Toxoplasma gondii antigens GRA1 (p24) and SAG1 (p30): a comparison of their stimulatory influence on T-cell activation and cytokine expression in in vitro cultures.

The influence of recombinant cell surface SAG1 (rp30) and secretory GRA1 (rp24) antigens (Ag) on T-cell activation and cytokine induction in vitro was compared. T-cell activity and the level of IFN-gamma, IL-10 and IL-12 expression in rp30-immunized T cells were considerably increased in the presence of rp30 Ags.
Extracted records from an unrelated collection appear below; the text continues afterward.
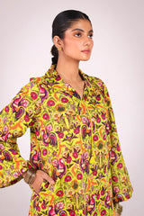 A classic-fit kurta featuring a collar band neckline with charming tassel detailing. The lively print blends vibrant folk-inspired motifs and rich traditional colors. Paired with matching printed culottes for a fresh, vibrant ensemble.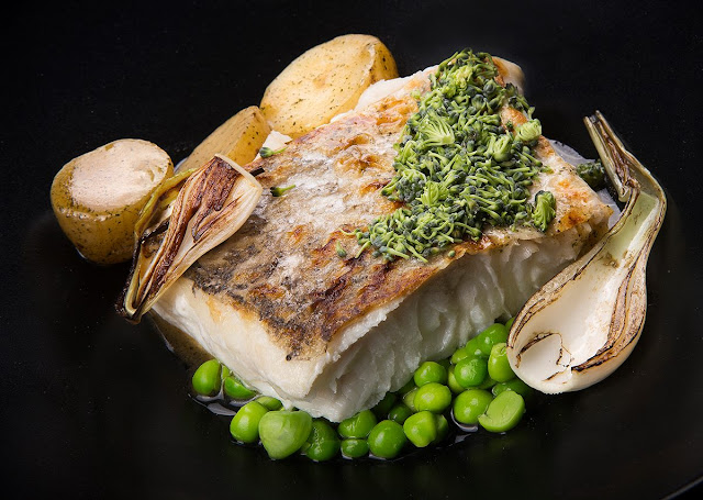 | Komfort - merluza con guisantes, cebollitas y emulsión de lima |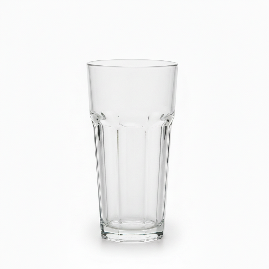 Gotë e pastër xhami me formë të lartë cilindrike, ideale për servirjen e ujit, lëngjeve dhe pijeve të ndryshme në shtëpi apo në punë. Dizajni me anë të fachetuara/panele ofron kapje të sigurt dhe pamje elegante në tryezë.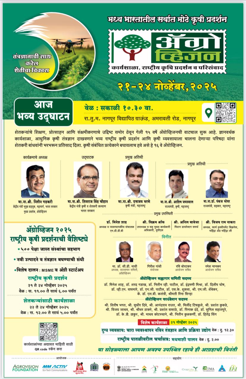 LOCAL NEWSMAHARASHTRANAGPUR NEWSRegionalSocialTop NewsVidarbha ‘अॅग्रोव्हिजन’ कृषी प्रदर्शनाचे 21 नोव्हेंबर रोजी उद्घाटन By Ashlesha Bhat - November 20, 2025 0 Share WhatsAppFacebookTwitterTelegram Related posts:मान्सूनपूर्व देखभालीसाठी विविध भागांत आज वीज बंदApril 21, 2026Artical Blogमान्सूनपूर्व कामे महावितरणकडून वेगात सुरूApril 21, 2026Artical Blog21 अप्रैल को PRSI मनाएगी राष्ट्रीय जनसंपर्क दिवसApril 21, 2026Artical Blog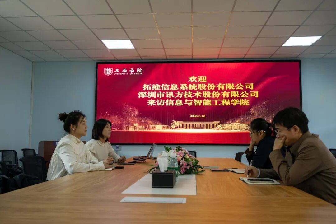 为深化产教融合、拓宽人才培养渠道,3月13日10:30,深圳市讯方技术股份有限公司一行到访三亚学院信息与智能工程学院,深圳市讯方技术股份有限公司广州区域市场总监刘自荣,信息与智能工程学院院长助理刘小飞、系部副主任周显春、闫吉府共同参会,双方在学院会议室就ICT人才培养、专业共建、实训认证等合作事宜展开深入洽谈,携手打造数字人才培养新生态。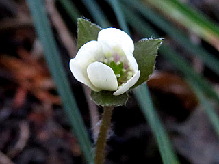 林道ゲート→(C)→(B)→林道ゲート | ミスミソウを1輪だけ見つけることができた吉祥山 暖冬で、冬らしさが感じられない今年、ミスミソウも早くから咲いているのではないかと訪れた吉祥山では、かろうじて、開き切っていないミスミソウを一輪だけ見つけることができました。また、雲が多く、あまり期待していなかった富士山もしっかりと見ることができ、収穫は十分でした。 |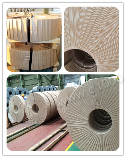 加筋皺紋紙(3 in1 fabric composite kraft paper),又稱作皺紋三復合紙,適用于所有需要高強度防水紙張包裝紙領域。由紙張及編織布復合制成,集合了紙張美觀、中性、可彩印的特性,以及塑料編織布高拉力強度、耐破度、撕裂度的特性。此外紋紙具有伸展率和摩擦力的特性,同時具有良好吸水性,與編織絲復合之后縱向拉力強度增加,包裝小規格鋼卷不易打滑,不易斷裂。皺紋夾絲復合紙被廣泛運用于金屬纏繞包裝,防水防潮、耐穿刺。配合自動纏繞打包機使用,或人工纏繞包裝。解決產品運輸倉儲過程中金屬表面磨損及腐蝕問題。廣泛被運用于帶鋼,銅材,線材等機器用和手工用的纏繞包裝。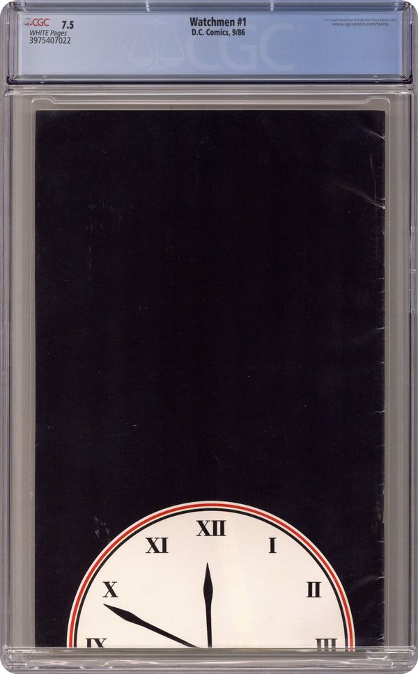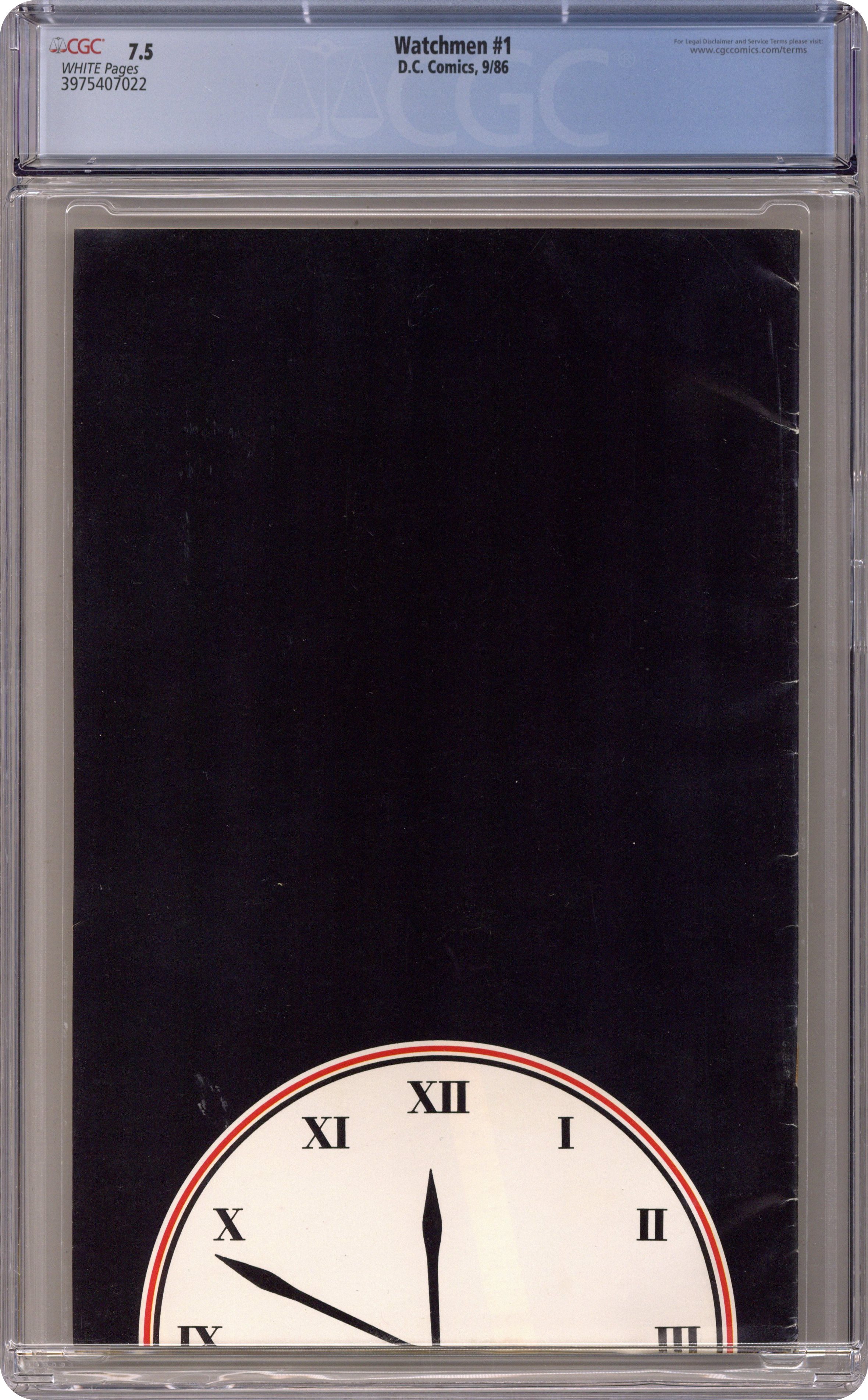 Ended Oct 6 2023 Winning Bid $40 Alan Moore's classic take on the superhero genre. Widely considered to be one of the greatest stories in modern comics history. Art by Dave Gibbons. 1st appearance Rorschach, Ozymandias, Dr. Manhattan, Silk Spectre & Nite Owl. Death of the Comedian. Cover price $1.50. Grade: CGC 7.5 explanation of grade Condition: Used (collectible)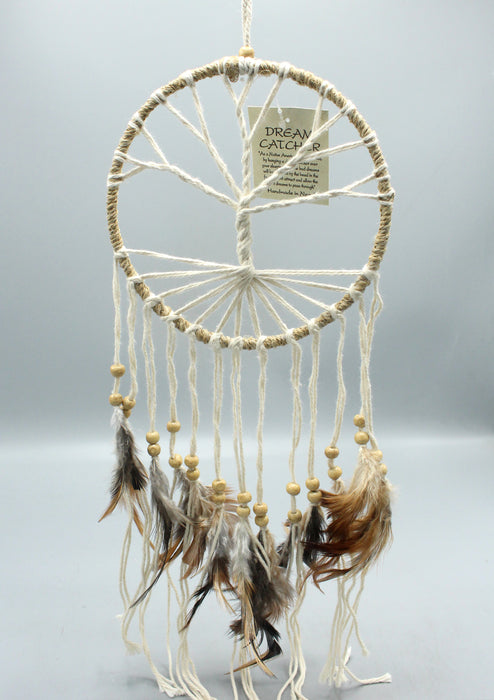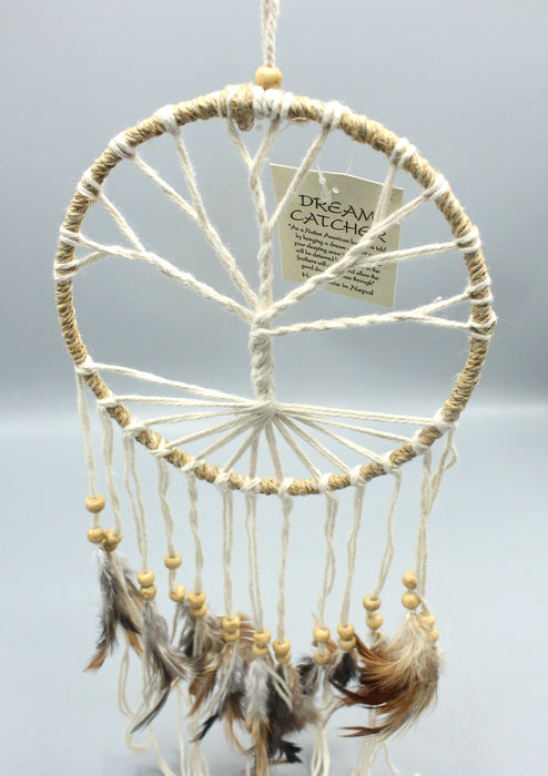 This is the Tree of Life Dream Catchers are hand made in Nepal. It come in sizes of small and large. It is made using a hoop, hemp and cotton mixed fiber, beads and feather. The feathers used in the dream catcher come from a local poultry farm where the feathers are harvested in an humane manner.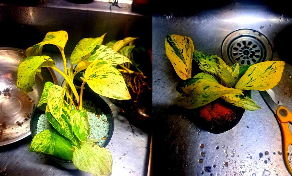 そのまま植え替えても良かったと思うけど、切った枝で根っこと葉っぱが出てるやつを寄せ植えにして1鉢状態にしてたみたいなんで、2枝根っこ付きと分けて、植え替えしたと。 どうせいやでも後からフサフサになるだろうし、別に本当は私、ポトスマニアって程でも・・・・・。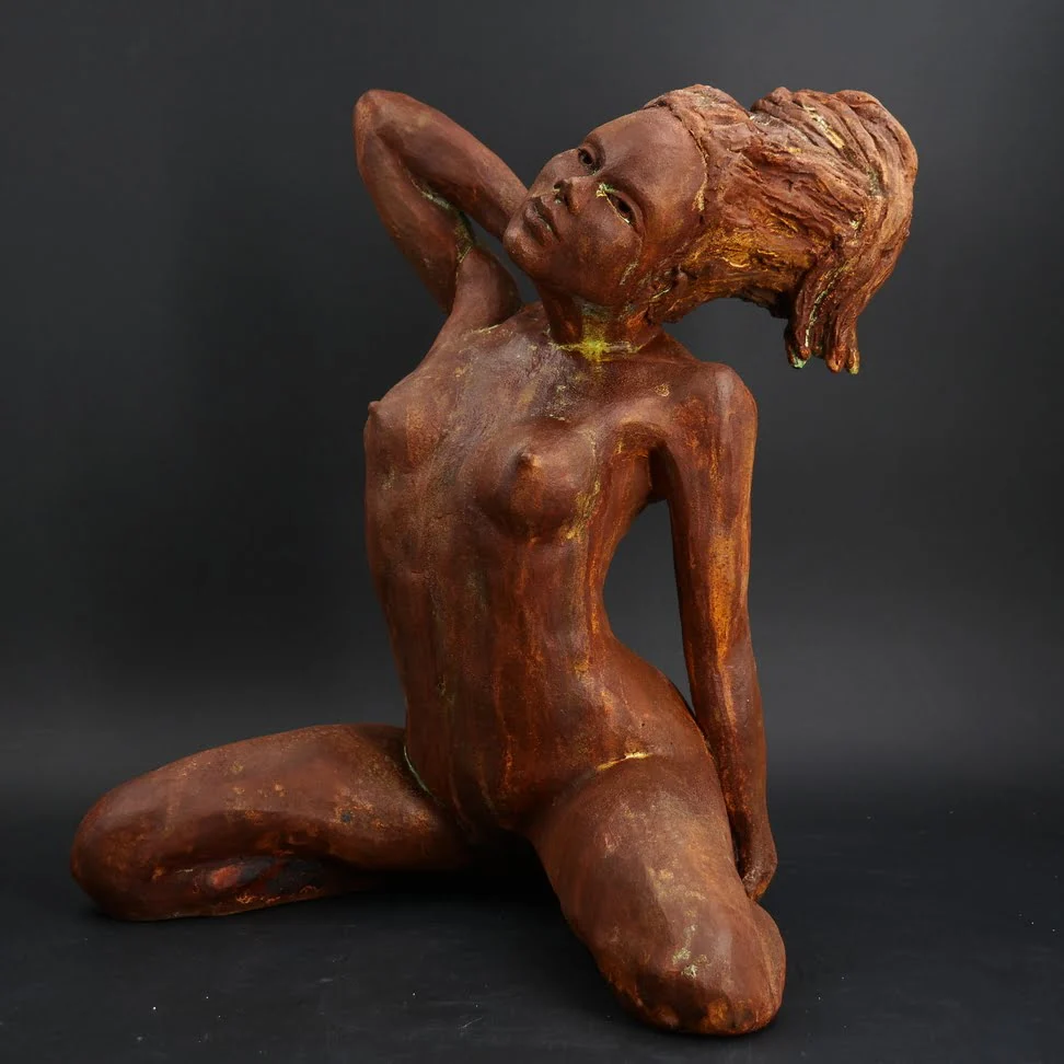 Michaël Ezanno a commencé par travailler la sculpture sur bois, puis sur pierre avant que l’argile, en particulier le grès, ne devienne son matériau de prédilection.

IgG2a and IgG1 antibodies (Ab) were detected in sera of rp24- and rp30-immunized mice, with the secretory rp24 Ag having induced significantly higher titer of IgG1 Ab. In vitro, the greater antigenicity of surface rp30 Ag was notable based on the level of T-cell activation, and cytokine synthesis suggestive of the participation of Th1 cells. Although, IFN-gamma expression by rp24 Ag was lower compared to rp30 Ag, the synthesis of both IgG2a and IgG1 Abs reflects the protective nature of rp24 Ag. We have generated two recombinant Toxoplasma gondii Ags that demonstrated differences in antigenicity in vitro. It would be interesting to evaluate the mechanism(s) of immunity induced by SAG1 (p30) and GRA1 (p24) Ags against infection with T. gondii in vivo.

2953 related Products with: Toxoplasma gondii antigens GRA1 (p24) and SAG1 (p30): a comparison of their stimulatory influence on T-cell activation and cytokine expression in in vitro cultures.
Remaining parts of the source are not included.